- **ASSIGNMENT**
For the entries that follow, count the lines containing the string "with" and write only the number.

- **THE INPUT**

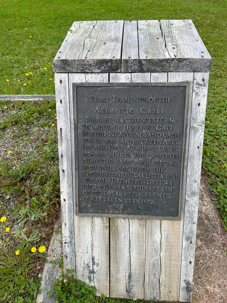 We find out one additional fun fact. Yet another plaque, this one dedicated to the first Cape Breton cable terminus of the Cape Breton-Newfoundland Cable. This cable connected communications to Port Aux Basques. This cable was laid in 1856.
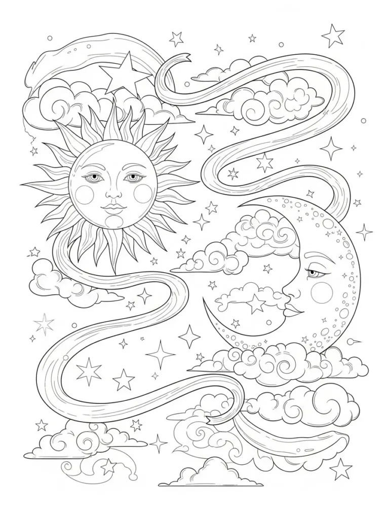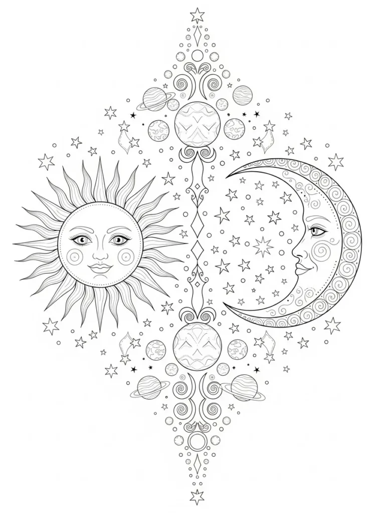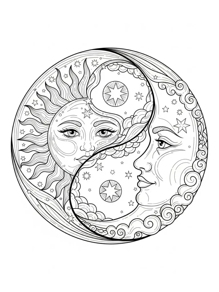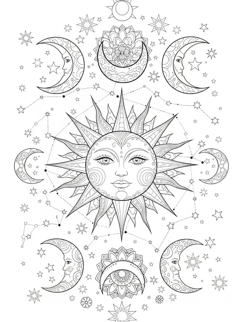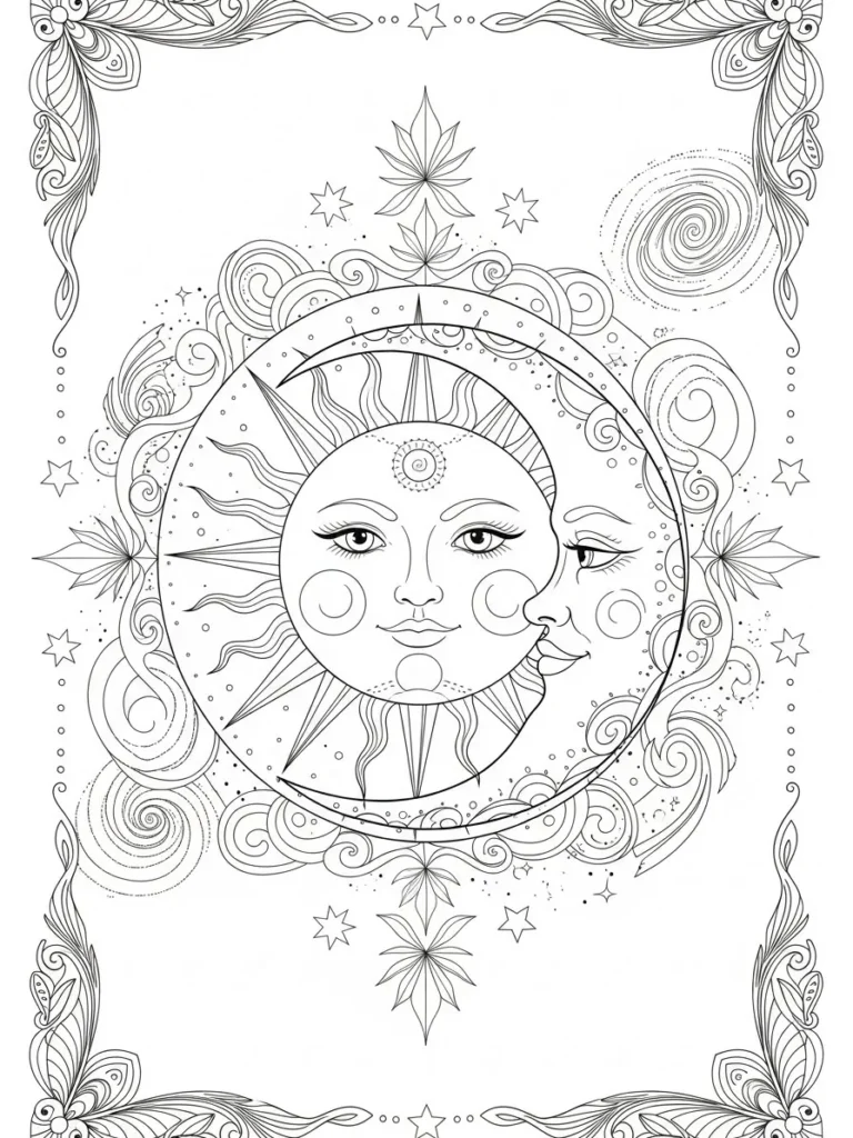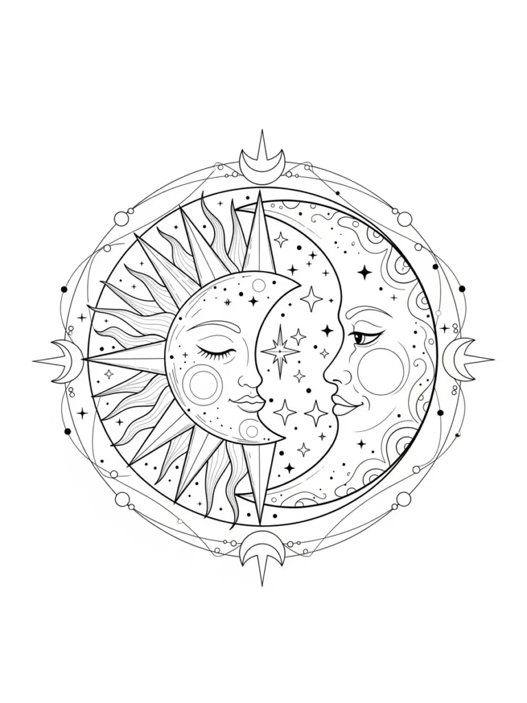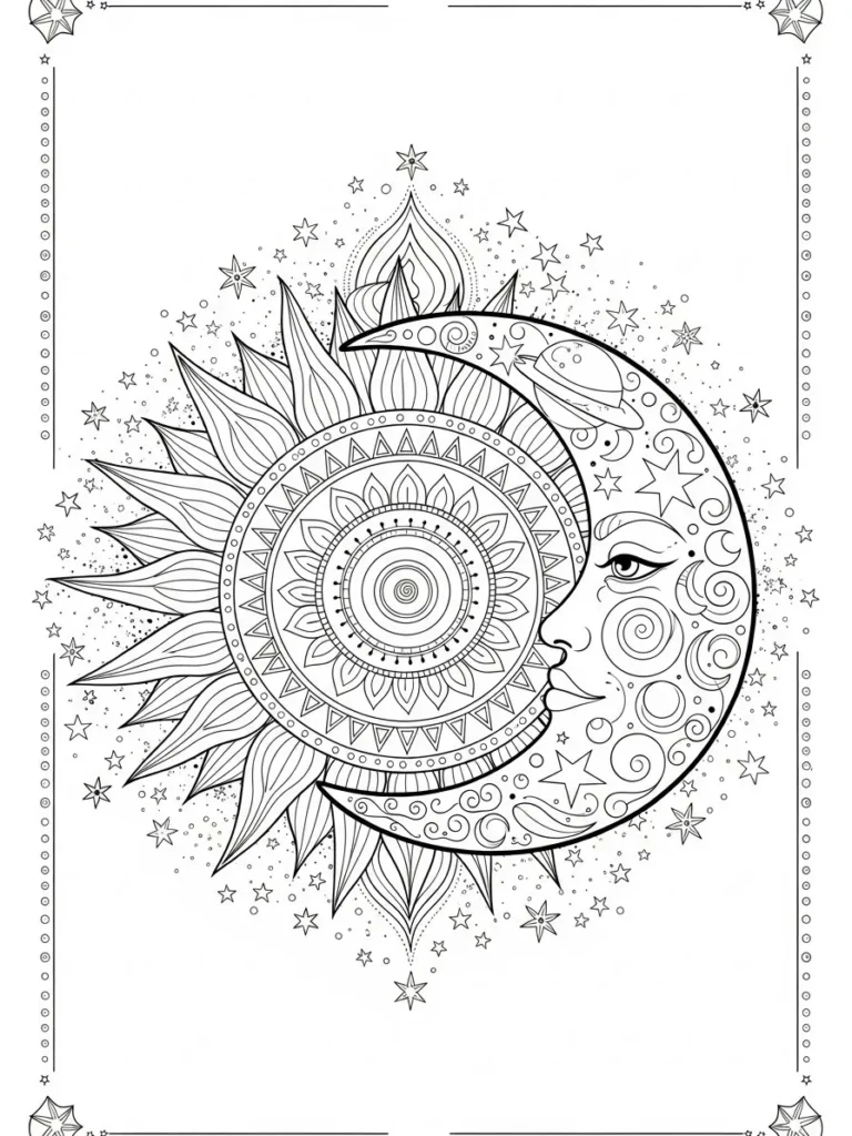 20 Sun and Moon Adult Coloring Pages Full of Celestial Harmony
* * *
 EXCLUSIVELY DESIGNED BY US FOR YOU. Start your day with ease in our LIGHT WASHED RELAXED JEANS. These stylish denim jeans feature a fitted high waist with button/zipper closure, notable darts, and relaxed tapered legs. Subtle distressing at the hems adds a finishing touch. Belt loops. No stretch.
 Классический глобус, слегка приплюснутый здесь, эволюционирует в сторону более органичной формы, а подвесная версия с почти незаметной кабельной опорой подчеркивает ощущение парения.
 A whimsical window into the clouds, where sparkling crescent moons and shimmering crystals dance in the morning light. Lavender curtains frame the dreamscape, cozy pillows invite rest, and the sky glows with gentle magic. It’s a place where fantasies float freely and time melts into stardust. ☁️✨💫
---
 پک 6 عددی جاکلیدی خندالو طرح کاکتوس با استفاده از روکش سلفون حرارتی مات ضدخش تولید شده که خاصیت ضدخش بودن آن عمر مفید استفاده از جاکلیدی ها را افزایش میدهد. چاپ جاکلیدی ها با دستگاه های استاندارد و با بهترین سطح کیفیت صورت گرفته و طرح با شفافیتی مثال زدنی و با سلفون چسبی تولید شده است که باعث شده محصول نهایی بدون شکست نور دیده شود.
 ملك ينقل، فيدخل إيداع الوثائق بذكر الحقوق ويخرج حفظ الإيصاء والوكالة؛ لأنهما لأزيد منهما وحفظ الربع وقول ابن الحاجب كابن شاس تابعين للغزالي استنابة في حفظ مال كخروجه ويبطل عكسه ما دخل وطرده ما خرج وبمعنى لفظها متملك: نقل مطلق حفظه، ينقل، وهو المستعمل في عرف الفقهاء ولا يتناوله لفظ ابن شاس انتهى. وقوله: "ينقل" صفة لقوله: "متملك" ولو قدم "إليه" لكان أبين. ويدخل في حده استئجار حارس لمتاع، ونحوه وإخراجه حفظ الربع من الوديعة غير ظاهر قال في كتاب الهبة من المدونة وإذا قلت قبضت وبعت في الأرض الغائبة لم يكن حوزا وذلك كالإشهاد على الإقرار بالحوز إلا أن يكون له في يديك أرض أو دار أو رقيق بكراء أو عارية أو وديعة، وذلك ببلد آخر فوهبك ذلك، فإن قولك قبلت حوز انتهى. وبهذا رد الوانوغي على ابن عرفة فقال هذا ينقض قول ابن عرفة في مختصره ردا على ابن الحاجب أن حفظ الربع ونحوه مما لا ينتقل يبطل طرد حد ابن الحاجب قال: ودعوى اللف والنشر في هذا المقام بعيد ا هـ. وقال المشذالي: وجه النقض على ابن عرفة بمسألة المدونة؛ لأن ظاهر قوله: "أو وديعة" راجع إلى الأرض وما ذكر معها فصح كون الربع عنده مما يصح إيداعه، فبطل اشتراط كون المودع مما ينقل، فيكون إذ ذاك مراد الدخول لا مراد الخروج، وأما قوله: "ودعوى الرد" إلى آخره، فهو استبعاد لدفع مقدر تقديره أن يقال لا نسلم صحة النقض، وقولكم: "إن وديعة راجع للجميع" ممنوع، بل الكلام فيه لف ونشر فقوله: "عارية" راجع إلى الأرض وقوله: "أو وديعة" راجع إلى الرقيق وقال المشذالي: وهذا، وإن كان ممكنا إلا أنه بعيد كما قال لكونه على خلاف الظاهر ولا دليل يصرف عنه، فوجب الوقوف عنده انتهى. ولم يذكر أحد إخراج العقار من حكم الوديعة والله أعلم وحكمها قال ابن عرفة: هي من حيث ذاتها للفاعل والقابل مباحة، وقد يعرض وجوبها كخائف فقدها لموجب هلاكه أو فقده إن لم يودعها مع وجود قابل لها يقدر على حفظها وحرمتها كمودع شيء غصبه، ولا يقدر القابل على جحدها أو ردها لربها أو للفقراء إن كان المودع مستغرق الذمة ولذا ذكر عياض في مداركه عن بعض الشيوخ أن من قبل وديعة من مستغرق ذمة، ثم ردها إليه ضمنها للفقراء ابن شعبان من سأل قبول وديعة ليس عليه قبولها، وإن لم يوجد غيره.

- **SOLVED EXERCISE**
2